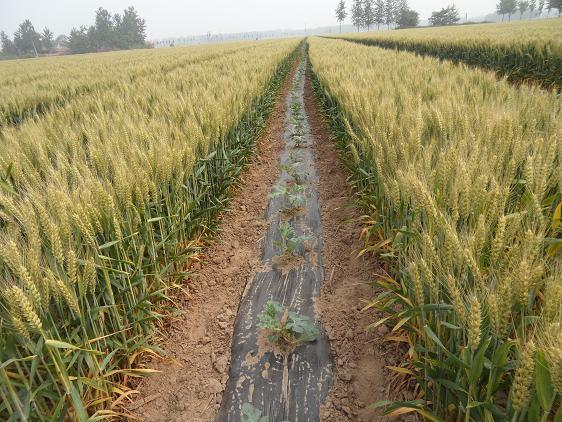 3、以2.4米为一带做畦,小麦占地1.8米,种植9行,西瓜畦占地0.6米,种植一行。小麦适时播种,每带种9行。第二年4月底至5月初在西瓜预留畦中间点种一行西瓜,西瓜播种前要开沟施肥浇水,保墒播种。小麦亩穗数应保持在37万以上,西瓜密度700株左右。小麦占地虽较平作减少四分之一,但由于其营养条件好,相对边行多,通风透光好,穗粒数和千粒重相应提高,平作小麦与间作小麦亩产相差13.9公斤,而间作地块亩多收西瓜2800公斤。
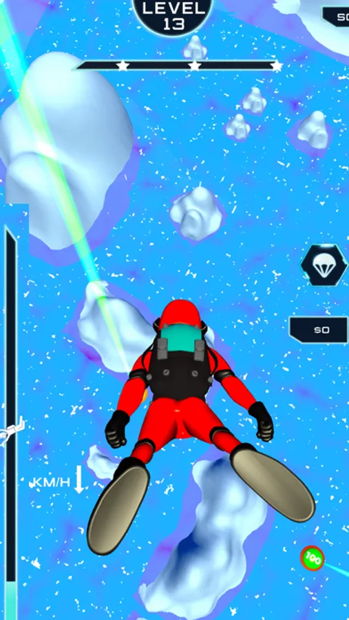 Pass through the circles and land to the best landing pad to score all the points, collect money to buy new suits and skins!
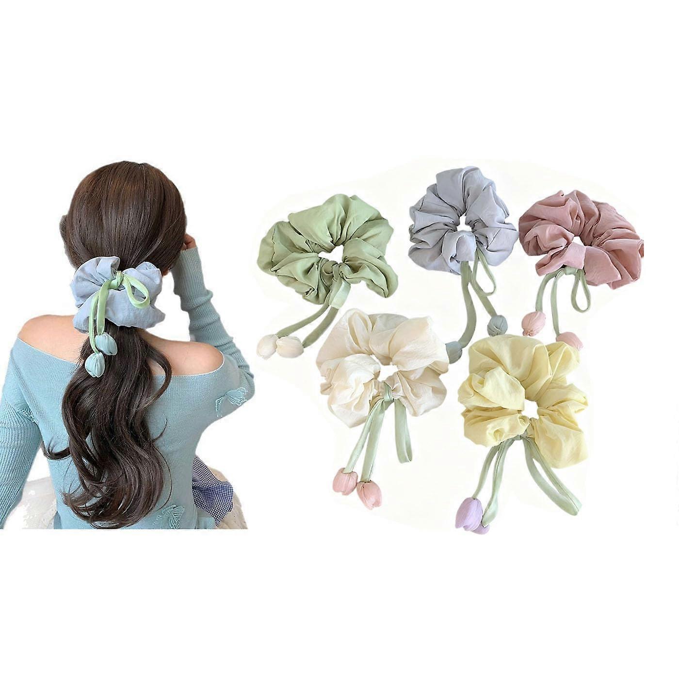 5 Pcs Pastel Floral Hair Scrunchies with Tulip Detail, Soft Hair Ties Set for Women Spring
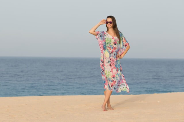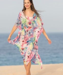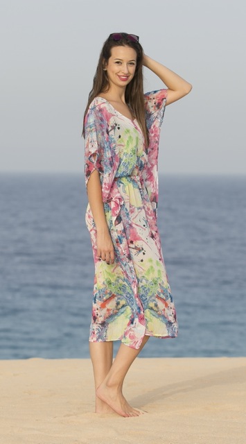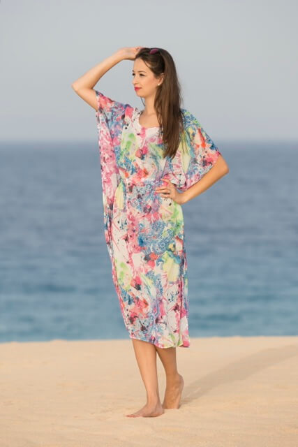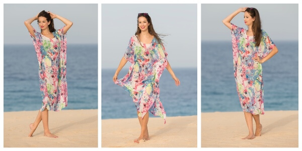 Diese Tunika ist einfach genäht und sollte in keinem Urlaubskoffer fehlen… Du kannst die Tunika aus allen dünnen und weich fallenden Stoffen nähen. Wir empfehlen dafür alle Chiffonstoffe, Meshprints und leichte Viskosejerseys.

◆ ◆ ◆ ◆ ◆ ◆ ◆

Aim of the exercise:
Exactly the lines from the line with "Pass through the" through the last line of the listing, both included, should be extracted, and the pictures left behind.

Solution to this exercise:
 Pass through the circles and land to the best landing pad to score all the points, collect money to buy new suits and skins!
 5 Pcs Pastel Floral Hair Scrunchies with Tulip Detail, Soft Hair Ties Set for Women Spring
 Diese Tunika ist einfach genäht und sollte in keinem Urlaubskoffer fehlen… Du kannst die Tunika aus allen dünnen und weich fallenden Stoffen nähen. Wir empfehlen dafür alle Chiffonstoffe, Meshprints und leichte Viskosejerseys.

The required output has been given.